+++ SOURCE DATA
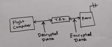 Figure 2: Envisioned application of the Teensy Encryption Device: Data is collected from sensors by the flight computer, send to the TED for encryption, then forwarded to the radio for transmission. Raw data is never transmitted over the radio.
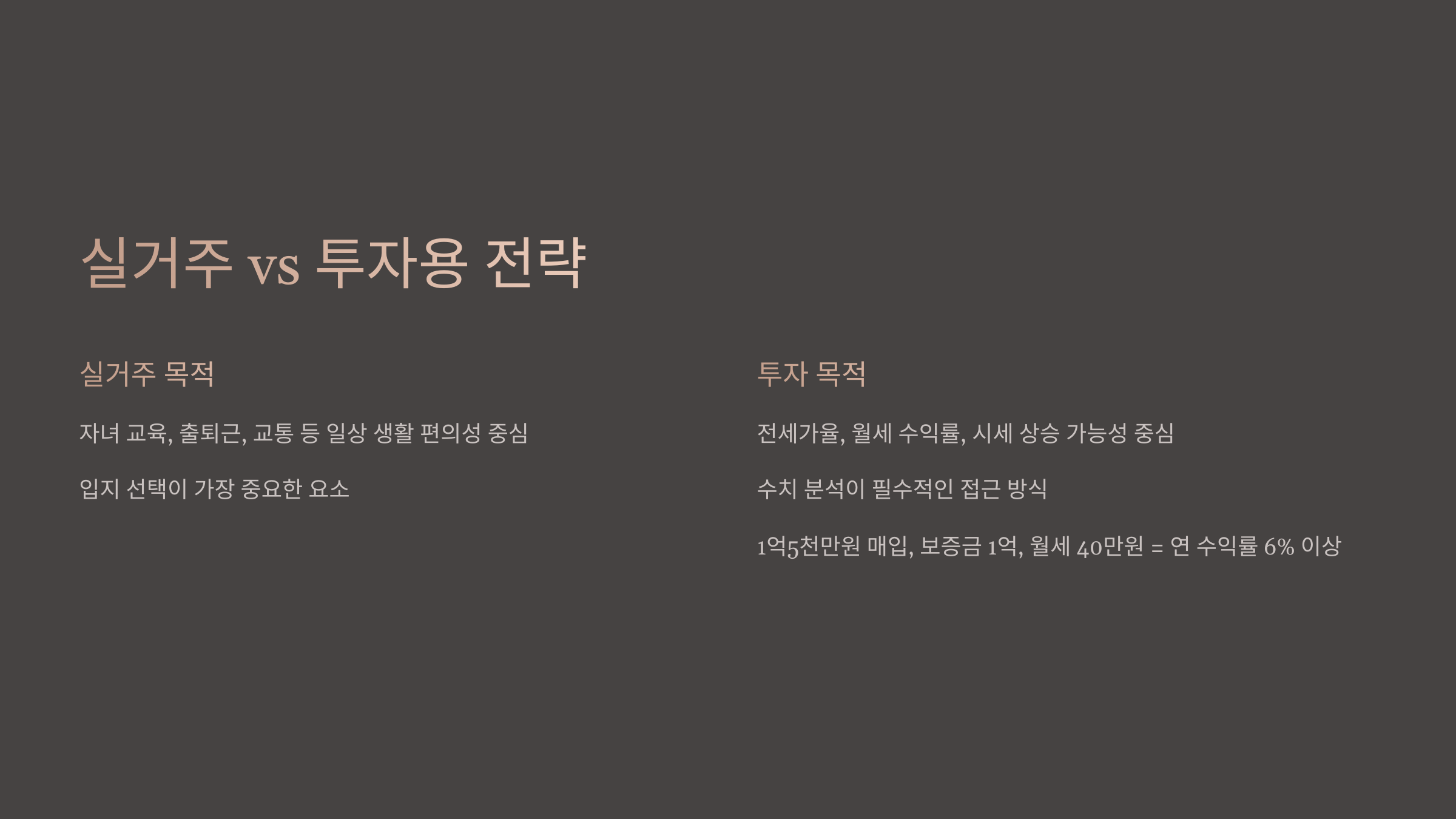 - 투자 목적: 전세가율, 월세 수익률, 시세 상승 가능성 중심으로 수치 분석 필수
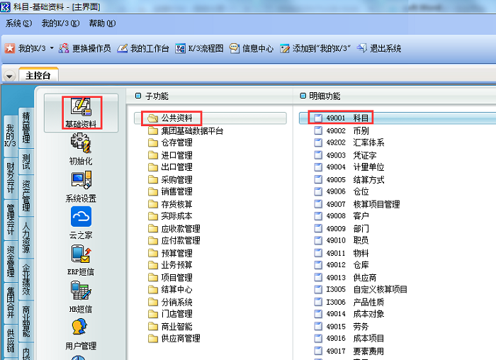 2、依次单击【系统设置】→【基础资料】→【公共资料】,双击打开【科目】,进入科目列表界面;
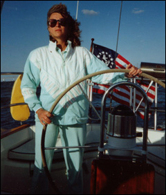 | At the helm of NOTORIOUS, a Sabre 36, twice the size of the previous boat. |
++++++
ACTIVITY: Retype the full listing above precisely. Exclude each picture you find in it.

ANSWER TO THE PROBLEM:
 Figure 2: Envisioned application of the Teensy Encryption Device: Data is collected from sensors by the flight computer, send to the TED for encryption, then forwarded to the radio for transmission. Raw data is never transmitted over the radio.
 - 투자 목적: 전세가율, 월세 수익률, 시세 상승 가능성 중심으로 수치 분석 필수
 2、依次单击【系统设置】→【基础资料】→【公共资料】,双击打开【科目】,进入科目列表界面;
 | At the helm of NOTORIOUS, a Sabre 36, twice the size of the previous boat. |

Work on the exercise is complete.